Since my retirement I do most of the grocery shopping at our house, and this is a big switch. Kathleen gives me a list and often says, “make sure you get exactly what I’ve written down.” She may underline this by saying, “If you can’t find exactly what’s on the list don’t bring anything.”
Then, every two or three weeks she goes with me on a special mission to stock up on items she wants to select herself. On those occasions she gives me a list of staples to gather up while she scouts the store.
She’s a better shopper than I because she’s been doing this for most of our 63 years of married life. I’m relatively new at this household chore because when I was serving as a pastor and later a bishop I made it a point to avoid grocery stores during daytime hours.
I said to myself: at three in the afternoon my parishioners aren’t free to slip away from their office or their construction job to pick up a dozen eggs and a bottle of milk; shouldn’t I be as diligent about my work as they are about theirs?
I would allow for exceptions if there were an emergency, as any other professional would. But Kathleen and I were in agreement about the important work I had been called to do and we would avoid breaks from the routines for what might seem to be unnecessary interruptions.

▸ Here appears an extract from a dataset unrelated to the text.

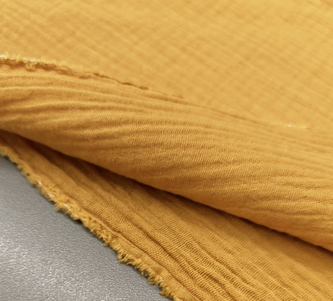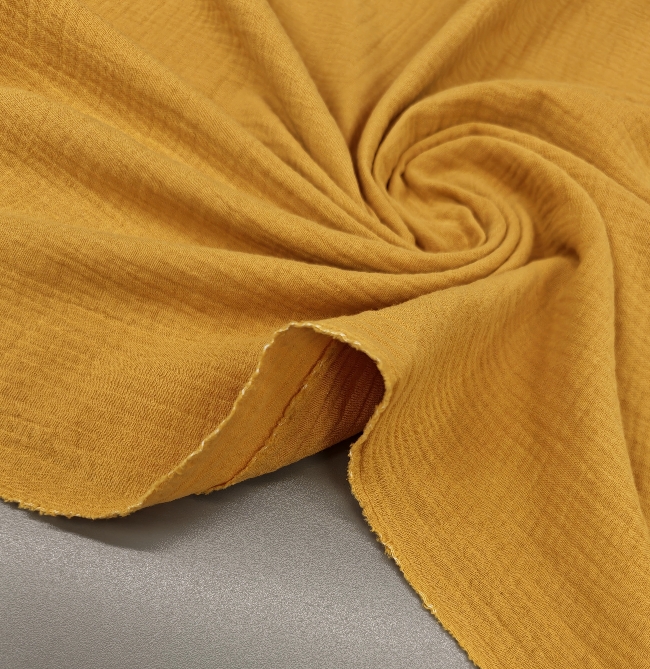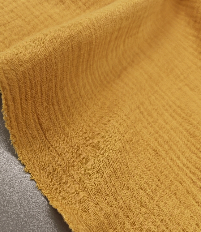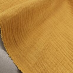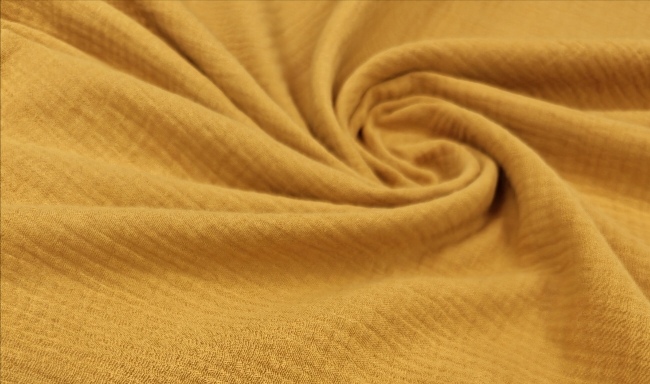 Mekana i prozračna dvoslojna tetra u toploj oker boji. Prirodna, ugodna na koži i dovoljno kompaktna zbog dva sloja. Pogodna za haljine, bluze, košulje, dječju odjeću, kombinezone, šalove, dekice i tetra pelene. Odličan izbor za proljeće i ljeto. Oker nijansa daje proizvodima toplinu i prirodan izgled te se lijepo kombinira s prirodnom, bijelom ili maslinastom bojom.

During those pastoral days Kathleen would occasionally say to me over lunch, “Rev. So-and-so was pushing a grocery cart in the store at ten this morning.” I would wonder to myself, what would people say if they had seen the CEO of the factory in our town shopping for groceries at that hour? Or the principal of the school our children attend? They’re expected to be at their jobs.
Later, in 1974 when we were assigned to move from the USA to Canada to give oversight to the church here, it was a new situation. The Board of Administration bought a house with two large finished basement rooms. This house was to be our home, and until more permanent office arrangements were made the basement would provide a room for a secretary and a larger area as my work space.
After a couple of weeks of miscellaneous chores — purchasing office furniture, arranging for telephone service, choosing paint colors, and otherwise settling both house and office — I gave full attention to my new assignment.
At first Kathleen would occasionally come to the head of the stairs and ask if I could come up and hang a picture or give my opinion on some wallpaper. I explained that I was now on the job and if my office were across town I would have to wait until evening to meet her requests.
We laugh even yet when we remember her unexpected response. The mental picture of my office being across town from our home registered. She was okay with it. So, usually at eight o’clock in the morning I would stand at the head of the stairs leading down to the work area and announce, “I’m going to work now.” She would come running from elsewhere and with mock seriousness kiss me goodbye — as if I were leaving for Alaska.